2.4. Revision of Laboratory Ordering Forms and Profiles
The position where tests are placed in the order entry system may affect the number of placed orders [3
]. Furthermore, laboratory ordering profiles (LOPs), which are used to order a bundle of defined analytes with one click in the CPOE system, seem to be a source of overutilization; studies show that the number of orders drops after removing tests from such LOPs. An example provided by Michael Cornes describes a reduction of GGT orders of 82% after the test aiming to assess liver function was removed from the LOP [4
]. Keppel et al. [32
] retrospectively evaluated a DM strategy implemented to reduce unnecessary testing of the cardiac markers high-sensitive troponin T (hsTropT) and NT-proBNP. This intervention was conducted in collaboration with clinicians at three wards of the department of Cardiology, Clinic of Internal Medicine II, University Hospital Salzburg. The implementation started in one ward with an educational approach (see Section 2.10
). Later, both cardiac markers were removed from all LOPs of the three wards, along with the distribution of information about the correct use of hsTropT and NT-proBNP in the form of guidelines and oral presentations. Despite the opportunity to order both tests without restrictions in the CPOE system separate from the LOP, monthly orders decreased by 66.1% and 75.8% for hsTropT and NT-proBNP, respectively, on all three wards. These results indicate that LOPs may indeed be a source of overutilization since they are often not used correctly (e.g., for specific indications) but merely for convenience purposes. Regarding patient safety, length of patient stay and 30-day all-cause re-admission rate were evaluated as surrogate markers, without adverse outcomes.
Similarly, Larochelle et al. [17
] removed cardiac markers from LOPs. While CK and CK-MB were entirely removed, troponin remained in two LOPs for evaluation of new symptoms suggesting ACS. As indicated above, this DM strategy was implemented in a multifaceted approach. Altogether, the percentage of patients per month with guideline-concordant ordering of cardiac markers for ACS increased from 57.1% to 95.5%. Annually, ordered tests decreased by 16%, 87% and 95% for troponin, CK and CK-MB, respectively.
Along with educational sessions, audits and feedback, Bartlett et al. [14
] introduced a panel for CRP and ESR testing. CRP was preselected, and an explanation referred to the recommended indications for these tests. Overall, ESR as well as combined ESR/CRP testing were reduced by 33% and 25%, respectively, while the mean number of CRP tests remained unchanged. However, further examination of patients’ charts revealed that inappropriate ESR orders remained after the intervention.
Other studies focus on LOPs for specific indications or diagnoses. Delvaux et al. [33
] conducted a randomized controlled trial among general physicians (GPs). LOPs were created for 17 selected indications, based on available guidelines. In the intervention group, GPs received suggested analyses through the CPOE system after selecting an indication, and modifications were allowed before submitting the request. The control group also stated the indication of their orders but did not receive suggestions for test ordering. In the intervention group, the proportion of appropriate tests significantly increased by 0.21 for all tests. In the intervention arm, only 24 tests were ordered per panel, compared to 31 tests in the control arm.

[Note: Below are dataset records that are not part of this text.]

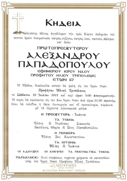 Η Εξόδιος Ακολουθία του μεταστάντος θα τελεσθή το Σάββατο 10 Ιουλίου 2021 και ώρα 5:00 μ.μ., στον Ιερό Ναό Προφήτου Ηλιού Τριπόλεως, υπό του Σεβασμιωτάτου Μητροπολίτου Μαντινείας και Κυνουρίας κ. Αλεξάνδρου.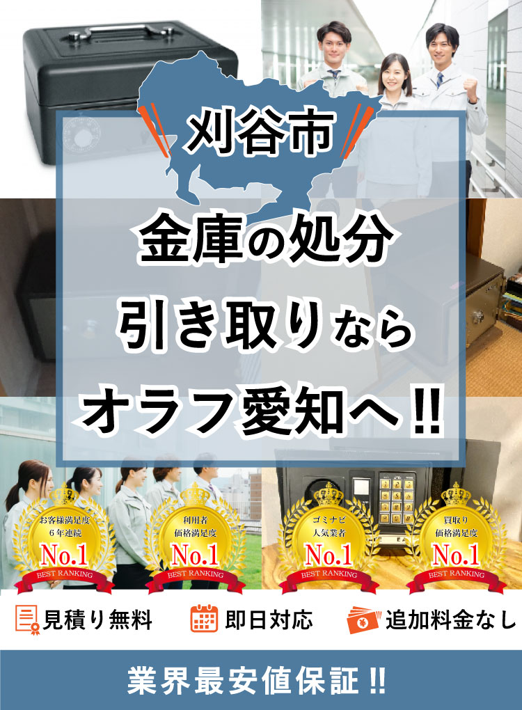 刈谷市で金庫の処分ならオラフグループにお任せ下さい!地域最安値の料金で使わなくなった金庫を処分します。金庫の搬出作業は無料で対応します。重くて部屋から出せない金庫でも当社専門のプロスタッフに遠慮なくお任せ下さい!お見積もりは24時間365日無料で受付中。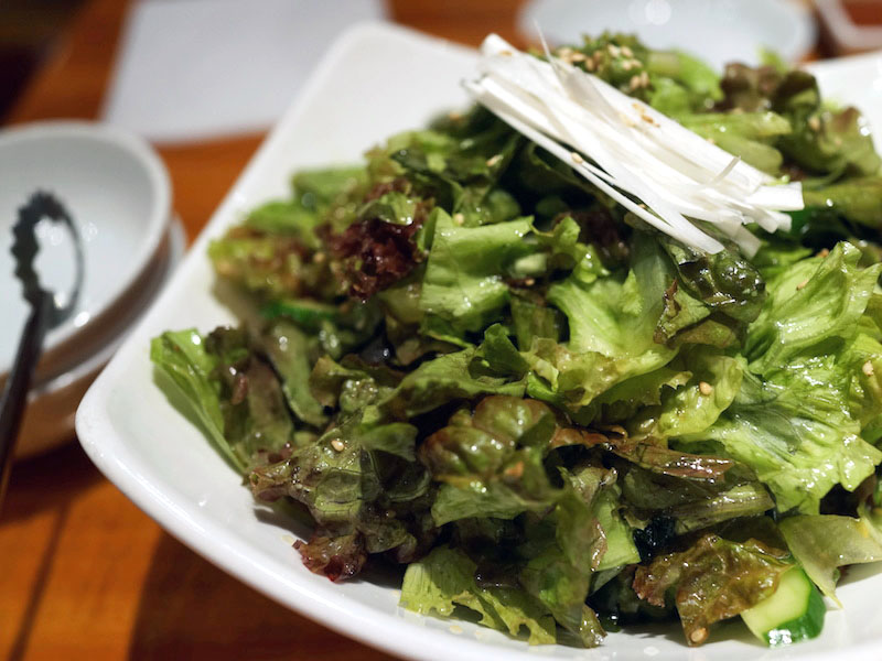 オモシロイのが、普通の野菜サラダよりダシをかけて軽くもんで味整えた、おひたしみたいな焼肉屋さん的こういうサラダは、バクバク、おいしく味わえる。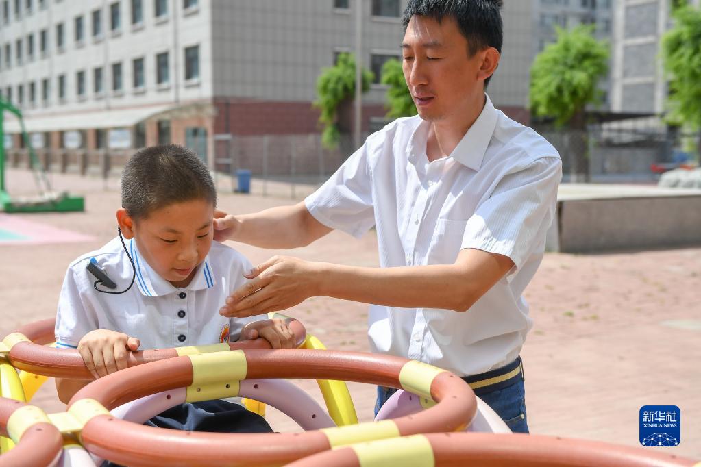 5月31日,在四平市聾啞學校,教師李瑞楠(右)陪伴殘障學生進行課間游戲。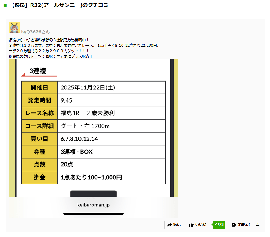 今週会員様から届いた無料情報的中報告口コミをピックアップしてご紹介。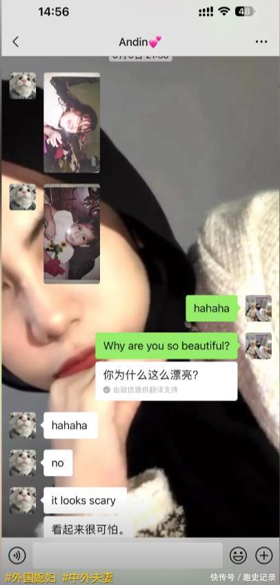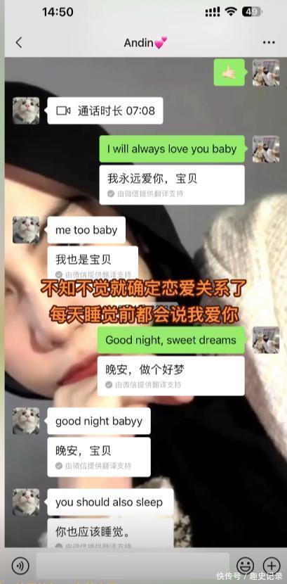 2024日,安迪妮和王瀚在聊天软件上相识,因为王瀚不会英语,他每聊一句都要复制到翻译软件上翻译,就觉得聊天效率太低。所以他推荐安迪妮下载了微信,然后两个人用微信聊了起来。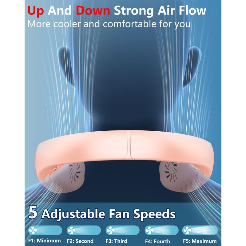 - đăUp&Down Wind Cooling Neck FanăFolding neck fan rechargeable features unique up and down air outlets, providing cooling air not only to the face but also to the body, effectively lowering body temperature.Fan with water spray misting fan has 5 adjustable wind speeds, with separate control buttons for wind speed and mist, allowing you to freely adjust modes according to personal preferences.(Note: Please wear it correctly according to the left and right markings on the misting neck fan)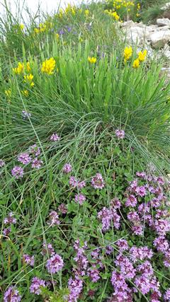 Appelé Hysope dans la région cette plante est très présente au Col de la Colombière. On la retrouve dans les pelouses rocailleuses et même au jusqu'au bord de la route. Très appréciée pour ses propriétés médicinales et sa saveur délicate. Réputée pour soulager les maux de gorge et renforcer les décences immunitaires, c'est aussi une excellente tisane au quotidien.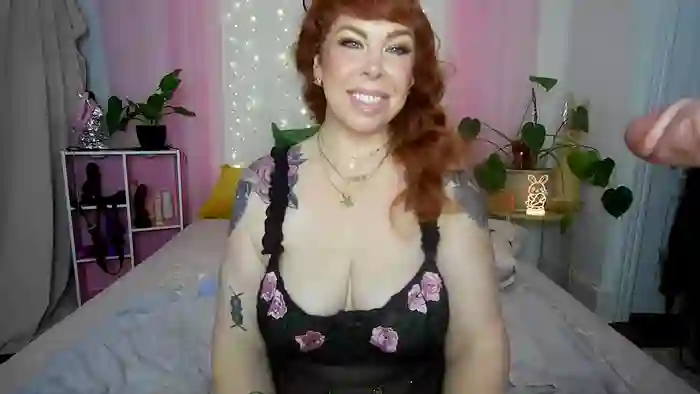 She is 41 years old, and the average age of models on Streamate is 30—making her one of the older models. Her height is 5'8, and her weight is 220 lbs. She identifies her ethnicity as white. She has a ddd/f cup size breasts, bald pubic hair on a bbw body with blue eyes and red hair.Her body art includes tattoos, piercings.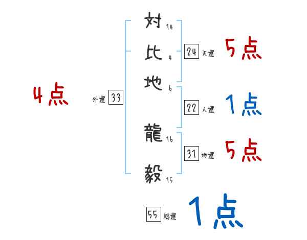 対比地龍毅さんの画数の鑑定結果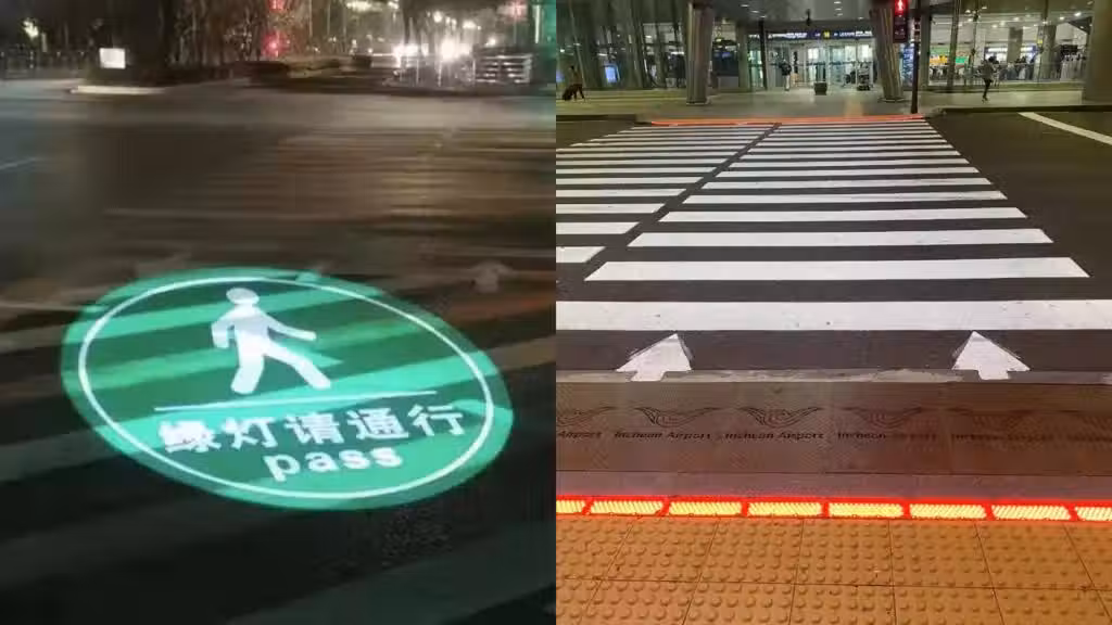 中國、韓國都有使用地板型紅綠燈,以投影或是LED光源呈現。(圖片來源 / 翻攝自微博、臉書)

The evaluation of potentially delayed diagnoses revealed no difference between the groups. This is an example of how laboratory specialists may aid in test requesting and of how physicians are willing to accept their expert opinion.
Whiting et al. [12
] aimed to standardize blood tests and introduced the possibility for primary care physicians to order “test groups” for monitoring patients with chronic diseases. Compared to previous habits, full blood counts (FBCs) and liver function tests (LFTs) were not required in this indication. The implementation comprised several PDSA cycles, educational sessions and regular meetings for discussion and feedback. Requests per 1000 patients significantly decreased by 14% and 22% for hemoglobin assessing FBC and bilirubin assessing LFT, respectively. Sodium, which was not affected by the DM strategy, and ALT values ≥ 120IU/L, which were assessed to identify alterations in possible significant pathology, did not show significant changes. Therefore, the authors concluded that the measures may not lead to more missed diagnoses.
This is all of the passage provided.